Замешательство по поводу Буша в его собственной партии, которое становится особо заметным в таких вещах, как провал договора о передаче контроля над шестью американскими портами компании из Дубаи, стало появляться после объятий Буша с поборником управляемой демократии. Президент только и делает, что выхолащивает суверенитет США, говорят критики, но диаметрально противоположная оценка, которую дают Бушу в мире, сбивает их с толку. Консерваторы считают Путина человеком, трансформировавшим революцию Ельцина в оппортунистическую олигархию, основателем диктатуры, базирующейся на полезных ископаемых, своего рода, Саудовской Аравии в тундре, но обладающей ядерным оружием. Тот факт, что Буш и Путин, как кажется, взяли в отношении Тегерана, скорее всего, курс на переговоры, находится в неразрешимом противоречии со свержением Саддама (Saddam).
Для Буша Россия Путина является партнером в борьбе против террора и помехой в борьбе, наполненной риторикой о свободе. Нападение террористов на школу в Беслане, возможно, способствовало победе Буша на выборах: президент постоянно говорил в своих речах об этом событии, имея в виду состоятельные пригороды Америки. Это было воплощением ужасов родителей американских детей, Басаев и Усама превращались для них в единое целое. Буш всегда исходил в своей политике в отношении России из предположения, что она после выхода из Афганистана в 1989 году охвачена такими же страхами, исторически обоснованным психозом, появляющимся при мысли о продвижении радикального ислама. Поэтому с той поры он видел и видит в империи, испытывающей неуверенность, естественного партнера.

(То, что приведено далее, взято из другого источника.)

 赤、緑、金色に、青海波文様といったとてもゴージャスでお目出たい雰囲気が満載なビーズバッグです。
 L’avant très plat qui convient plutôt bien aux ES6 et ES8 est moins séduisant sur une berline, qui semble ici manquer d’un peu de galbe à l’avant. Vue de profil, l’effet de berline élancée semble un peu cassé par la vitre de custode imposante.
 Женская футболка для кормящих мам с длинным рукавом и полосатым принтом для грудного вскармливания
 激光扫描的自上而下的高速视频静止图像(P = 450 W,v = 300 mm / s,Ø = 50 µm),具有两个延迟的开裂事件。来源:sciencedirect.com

Сюда следует отнести петербургские договоренности об утилизации ядерных отходов в России и о совместных действиях, направленных на противодействие ядерным амбициям террористических группировок. Эти договора, как и договоренность с Индией, вызовут недовольство в Конгрессе. Чтобы успокоить Конгресс, Буш отправляет в качестве авангарда Чейни (Cheney). Психологические последствия великодержавной политики Путина в Европе не остаются не замеченными в Белом доме. На долю Чейни выпала неприятная миссия дать этому резкое выражение, он это сделал, находясь на литовской земле. Чейни - человек именно для таких задач, Буш проявляет официально сдержанность. Дистанция к партнеру, имеющему общие интересы по ключевому вопросу внешней политики Буша, вопросу терроризма, - это акт поддержания баланса, здесь Бушу в его действиях не мешает даже массированная критика, раздающаяся из его собственных рядов. Небольшим, но отмеченным консерваторами доказательством этого является нежелание, с которым Белый дом только после серьезного давления предал огласке документы режима Саддама. Буш, конечно, понимает, что в них может обнаружиться: Москва была на стороне Саддама. Но не в интересах Буша, чтобы быть из-за этого прошлого освистанным недовольной публикой.

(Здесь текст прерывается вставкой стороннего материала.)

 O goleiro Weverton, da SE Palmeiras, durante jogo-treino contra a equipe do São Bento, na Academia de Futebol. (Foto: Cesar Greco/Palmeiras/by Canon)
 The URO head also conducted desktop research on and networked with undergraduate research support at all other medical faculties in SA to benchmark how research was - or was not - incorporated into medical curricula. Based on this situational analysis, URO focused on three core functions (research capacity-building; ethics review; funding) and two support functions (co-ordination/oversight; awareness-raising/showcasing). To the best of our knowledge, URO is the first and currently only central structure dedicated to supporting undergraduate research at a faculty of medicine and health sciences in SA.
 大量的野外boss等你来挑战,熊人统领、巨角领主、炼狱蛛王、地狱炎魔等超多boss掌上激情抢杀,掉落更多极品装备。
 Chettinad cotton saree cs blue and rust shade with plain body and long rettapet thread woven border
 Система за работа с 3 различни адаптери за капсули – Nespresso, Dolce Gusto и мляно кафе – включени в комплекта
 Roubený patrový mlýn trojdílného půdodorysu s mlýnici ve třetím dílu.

У США, по мнению Буша, есть выбор: они или сохраняют критическую лояльность Москве до той степени, которая позволяет Путину проводить независимую политику по отношению к Вашингтону, Европе и Китаю. Это включает в себя строительство демократии, не совпадающей по своей форме с демократией в Америке. Или же США берут открыто конфронтационный курс и вынуждают Путина идти на более тесный союз с Китаем. Пекин был бы надежным, сильным в финансовом отношении покупателем с долгосрочными интересами энергетических ресурсов России. Если бы дело дошло до перевеса китайских интересов к России, у Китая появился бы рычаг, позволяющий играть на евразийском континенте господствующую роль.
Увидеть еще раз обнимающихся Путина и Буша не придется. Однако если Буш взглянет на себя в зеркало, то обнаружит в своих глазах такие же чувства, как и те, которые он приписывает Путину. Наследие Мао (Mao) и идеология Усамы вынуждают обоих идти на решительное отстаивание своих собственных интересов. У такой политики не всегда приветливое лицо. Но за спиной они затем все же тайно пожимают друг другу руку.